I've been taking 60mg of Nardil since October of last year. While it has been working moderately well for my SAD, it also blunts my energy level. Since taking it, I've never had that surge of energetic excitement both mentally and physically and I actually really miss that. I've also been a lot lazier and lost my motivation to do many things. Another unrelated side effect is the insomnia. I find myself using a sleep aid 70% of the time and half the time they don't even work.

Has anybody had any experience with energy elevating anti-depressants?

Thanks


----------



## CopadoMexicano (Aug 21, 2004)

not me personally. but what helps me with energy and mood are those monster energy shots. I dont know a medication that can help with that since im not a doctor but their are plenty of people with vast psychopharmacology knoweldge here that probably could help you. :yes


----------



## Escopeta (Oct 20, 2009)

Hmm, well then, at the very least are there any that don't affect energy levels?

When I say boosting, I don't mean Red Bull type of boost. Just a very slight elevation would be fine. I'm thinking something along the lines of Parnate or Effexor XR.


----------



## CopadoMexicano (Aug 21, 2004)

Escopeta said:


> Hmm, well then, at the very least are there any that don't affect energy levels? I'm thinking something along the lines of Parnate or Effexor XR.


hmm. good question. Ill leave it for the other members to answer since they know more than me. im just an average joe when it comes to meds. :O)


----------



## Lisa (Jul 8, 2006)

Effexor would be something you should look into.


----------



## GSH (Jul 16, 2009)

Most sleep meds like benzos ambien etc are depressants so they could be causing part of your problem. 
As far as antidepressants, I don't think you can mix SSRIs and SSNRIs with Nardil so you might be limited.


----------



## Escopeta (Oct 20, 2009)

I'm taking an OTC sleep aid, Doxlamine Succinate.

I don't plan on mixing AD's.

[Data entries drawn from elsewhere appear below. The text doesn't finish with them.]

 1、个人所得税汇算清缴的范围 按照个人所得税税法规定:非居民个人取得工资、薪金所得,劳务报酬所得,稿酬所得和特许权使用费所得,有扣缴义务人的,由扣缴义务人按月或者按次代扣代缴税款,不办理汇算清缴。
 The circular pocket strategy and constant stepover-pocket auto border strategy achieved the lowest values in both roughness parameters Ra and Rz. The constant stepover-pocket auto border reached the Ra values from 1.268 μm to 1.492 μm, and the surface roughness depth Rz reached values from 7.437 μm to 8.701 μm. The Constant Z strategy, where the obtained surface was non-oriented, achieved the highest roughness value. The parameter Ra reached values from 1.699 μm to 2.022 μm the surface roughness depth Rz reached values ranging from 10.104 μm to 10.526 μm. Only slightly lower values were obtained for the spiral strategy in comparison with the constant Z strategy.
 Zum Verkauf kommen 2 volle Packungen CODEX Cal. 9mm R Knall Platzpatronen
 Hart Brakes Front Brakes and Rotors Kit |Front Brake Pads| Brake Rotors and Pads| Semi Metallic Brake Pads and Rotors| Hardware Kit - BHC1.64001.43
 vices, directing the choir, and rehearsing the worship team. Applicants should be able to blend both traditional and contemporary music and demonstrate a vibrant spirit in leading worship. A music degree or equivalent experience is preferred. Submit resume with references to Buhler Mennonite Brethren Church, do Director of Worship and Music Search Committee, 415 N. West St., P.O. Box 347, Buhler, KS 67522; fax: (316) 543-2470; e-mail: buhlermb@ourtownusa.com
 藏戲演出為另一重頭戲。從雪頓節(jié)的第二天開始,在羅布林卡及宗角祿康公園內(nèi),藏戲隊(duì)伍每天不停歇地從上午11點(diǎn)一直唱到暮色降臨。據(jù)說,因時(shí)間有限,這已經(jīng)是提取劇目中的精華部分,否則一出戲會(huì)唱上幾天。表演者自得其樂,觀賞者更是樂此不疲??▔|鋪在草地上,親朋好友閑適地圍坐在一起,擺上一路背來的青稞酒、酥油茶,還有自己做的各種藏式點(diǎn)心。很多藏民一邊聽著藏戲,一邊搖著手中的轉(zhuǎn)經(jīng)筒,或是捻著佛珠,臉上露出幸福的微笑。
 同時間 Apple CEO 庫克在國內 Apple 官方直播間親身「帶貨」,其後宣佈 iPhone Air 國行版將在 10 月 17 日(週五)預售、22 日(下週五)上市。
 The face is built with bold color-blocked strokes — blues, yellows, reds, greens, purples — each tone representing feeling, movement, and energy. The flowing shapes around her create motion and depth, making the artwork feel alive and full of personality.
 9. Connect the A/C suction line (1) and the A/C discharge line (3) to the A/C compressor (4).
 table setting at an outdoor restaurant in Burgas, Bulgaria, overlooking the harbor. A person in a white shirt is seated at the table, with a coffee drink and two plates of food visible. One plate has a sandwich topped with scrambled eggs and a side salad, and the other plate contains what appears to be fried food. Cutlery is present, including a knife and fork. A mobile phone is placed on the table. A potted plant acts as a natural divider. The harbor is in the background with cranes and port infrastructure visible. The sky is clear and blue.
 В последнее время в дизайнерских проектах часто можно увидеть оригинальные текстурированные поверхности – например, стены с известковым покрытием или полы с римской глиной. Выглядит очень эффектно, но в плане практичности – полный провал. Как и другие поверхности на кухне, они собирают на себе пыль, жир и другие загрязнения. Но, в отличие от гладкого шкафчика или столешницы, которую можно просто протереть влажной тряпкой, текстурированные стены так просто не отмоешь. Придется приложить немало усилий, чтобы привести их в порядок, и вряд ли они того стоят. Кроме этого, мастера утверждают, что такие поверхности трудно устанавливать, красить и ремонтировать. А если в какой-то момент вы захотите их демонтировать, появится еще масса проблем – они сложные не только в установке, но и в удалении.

I'm already in the process of weaning of Nardil so I can try a new med.


----------



## Vini Vidi Vici (Jul 4, 2009)

Escopeta said:


> Has anybody had any experience with energy elevating anti-depressants?
> 
> Thanks


somebody mentioned Parnate as being more energizing than Nardil....which can be true in some cases. Parnate does have a weak amphetamine-like effect, which only lasts for the duration which Parnate is in the bloodstream/brain, = around 1-3 hours. If Its dosed at least 3 times a day, the effects can be somewhat helpful in raising energy, but its not a very reliable means, also I found the amphetamine-like effect to be very weak, similar to a cup of coffee at most. Parnate doesn't have the GABA-elevating effects of Nardil, so it will automatically be somewhat less sedating, but it could be less helpful reducing SA. But even so, postural hypotension/sedation was still a big problem for me on Parnate.

If its helping with your SA, Id stay on Nardil...obviously there aren't many meds which are as effective as Nardil for SA. There are some random stimulating antidepressants, like Effexor (sometimes) and Wellbutrin...Effexor was nice, It seemed to make me tired at the same time being Stimulating, but it helped me have energy to excercise. Wellbutrin was the most stimulating AD, gave me energy but lots of Anxiety. .. - Nardil can be quite emotionally and energy blunting, somewhat moreso than Parnate. I was really lazy on Parnate also....But I didnt like the side effects of Parnate, so I stopped. I thought it wasn't working, but after a couple weeks I found out, that it Had been helping quite a bit, It wasn't enough on its own, but It was worth it to find something to raise my Energy, instead of not taking Parnate. But I have depression along with SA, ....maybe a weaker antidepressant would be helpful for just SA, in your case.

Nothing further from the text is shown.